By then he was living in Switzerland with his second wife, Fritzi. She had also lost her family, except for one daughter, during WWII.
He arranged for me to stay at a nearby hotel. After I had settled in, the phone in my room rang. It was reception, saying there was an elderly man waiting downstairs for me.
My heart pounded as I got in the lift. Otto and I had been dear friends for 20 years now, but I had no idea what he’d be like in person.
When the lift doors opened, he was standing right there.
“Mr Frank?” I asked.
“Finally, Anne,” he said, smiling.
It was stiflingly hot so we hopped on a tram to his house.
“My wife has apple and pear juice waiting for us,” Otto said. “We can sit in my study and talk all day.”
We’d been together all of five minutes when suddenly he turned to me and said, “Do you ever get the feeling you’ve known someone, even though you met them minutes before?
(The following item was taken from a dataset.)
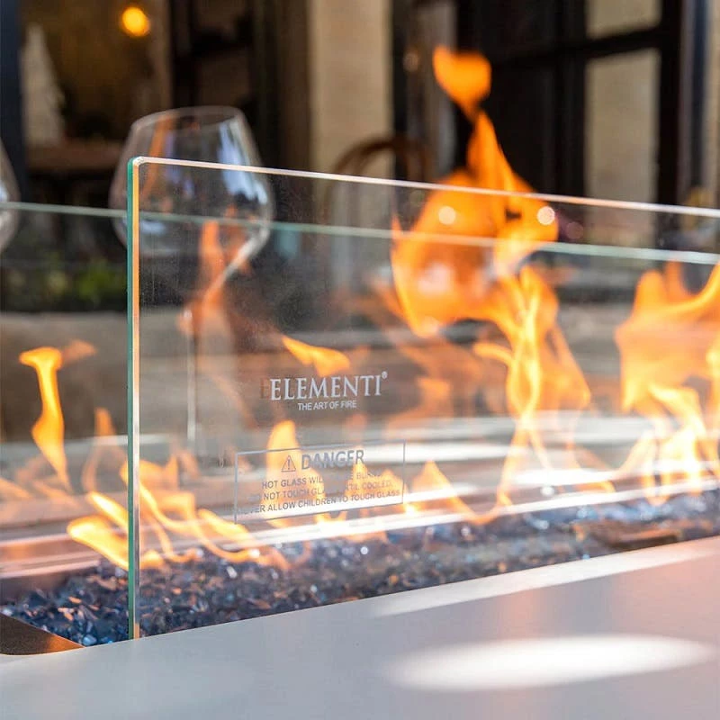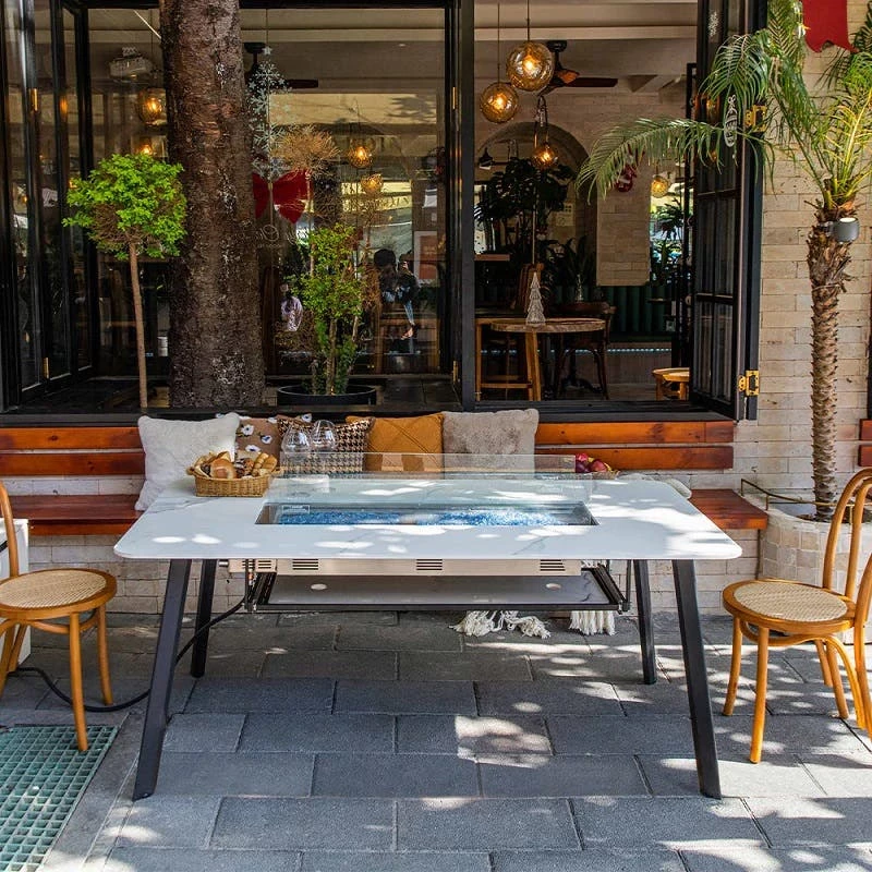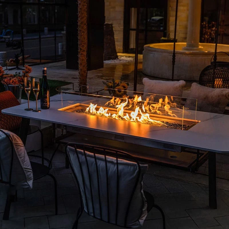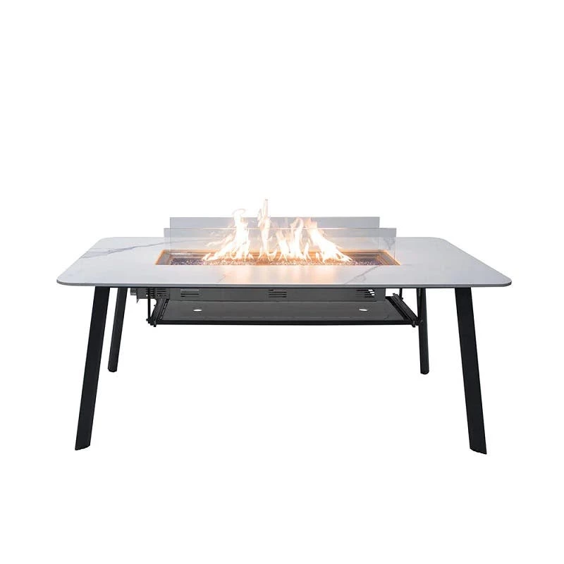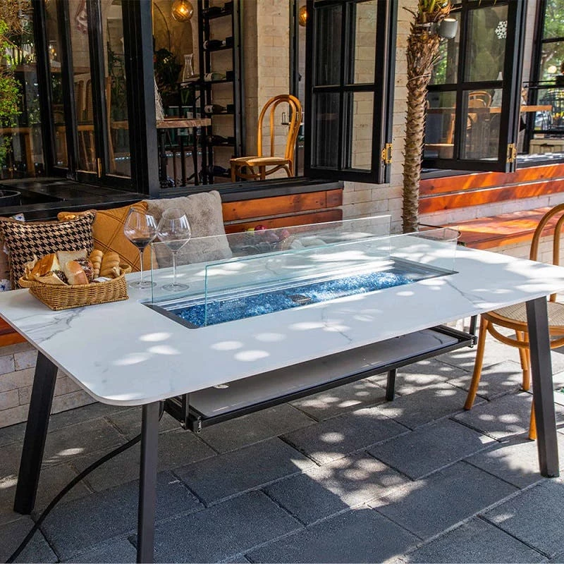 - Stunning Fire Glass: Caribbean blue fire glass, weighing 19.8 lbs (9 kgs), is included to elevate the visual spectacle of the fire feature.Elegant Design: The marriage of marble porcelain and sturdy metal creates a dining table that’s not only functional but exudes elegance and style.
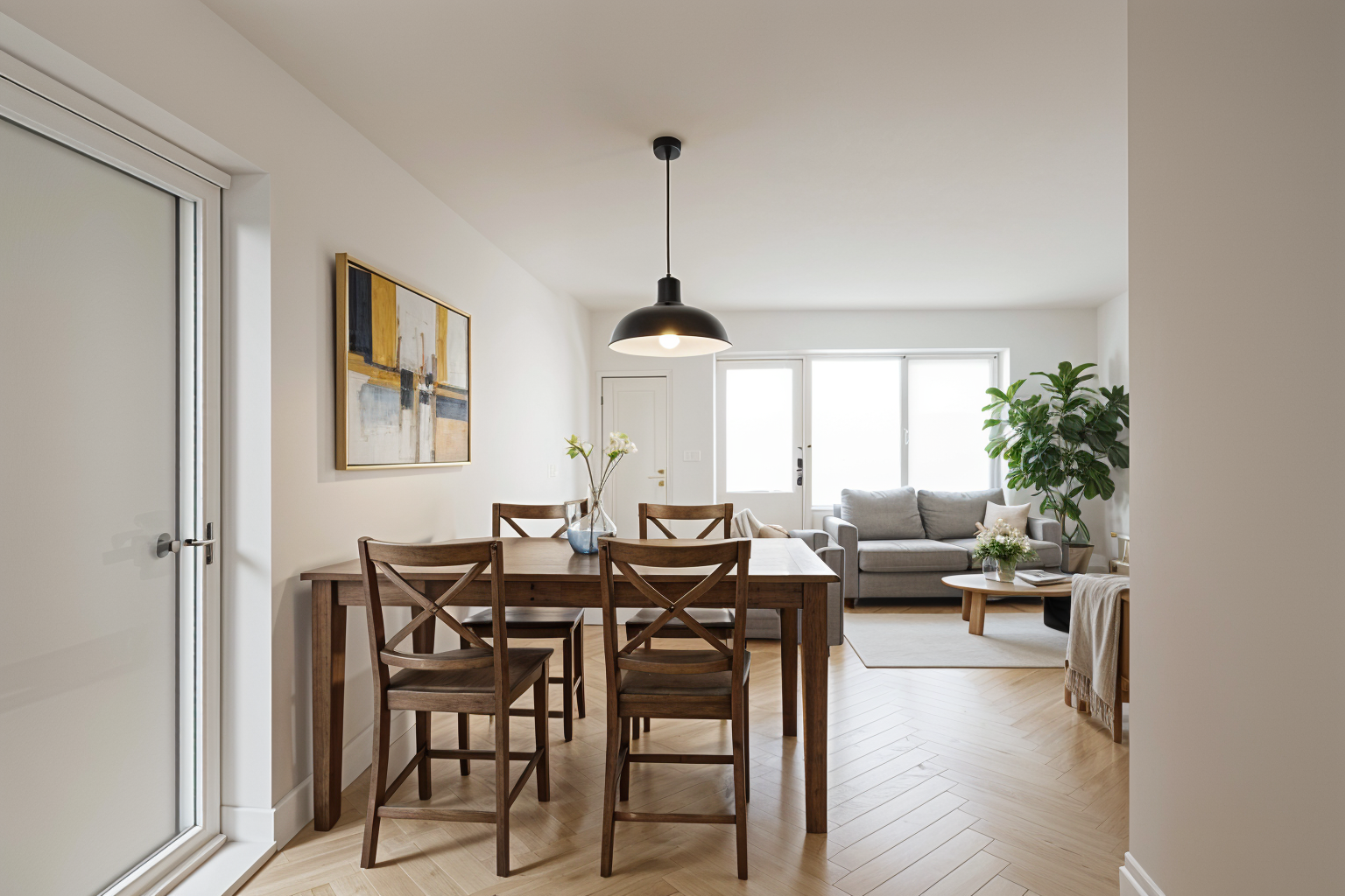 no stairs outside change style to minimalistic hand a lamp above the table add some art and a plant big sofa

Well, that’s how I feel with you.”
I grinned. I felt exactly the same – it was as if we’d known each other our whole lives.
That night, Otto and Fritzi took me to a restaurant next to the Rhine. Otto pointed to the river and joked, “It flows to Germany, so we’re happy to be on the Swiss side!”
Even with all the pain he’d been through, he still knew how to see the light side of life.
After I left Switzerland, we continued to write letters. I became dear friends with Fritzi as well and we all visited each other when we could.
Then, in 1980, at the age of 91, Otto wrote to me and told me he was feeling poorly and not very energetic.
I hope you can make me feel better, he wrote.
A few days later, as I was writing my reply to him, I received another letter from Fritzi.
Otto has died, she wrote simply.
I was devastated and knew I’d miss my lifelong friend, but I was happy he’d ended up living a long and fruitful life.
I continued to see Fritzi up until her death in 1998.
Her daughter, Eva, knowing how close we were, wrote to me as soon as it happened.
Mother has died, she said. Now she’s resting peacefully beside her beloved Otto.
I still write to Eva even though both Otto and Fritzi have left me.
I’m still horrified by the brutality they went through and I still question how anyone could commit such terrible acts. But I was blessed to know Otto and Fritzi and I know they felt blessed to know me.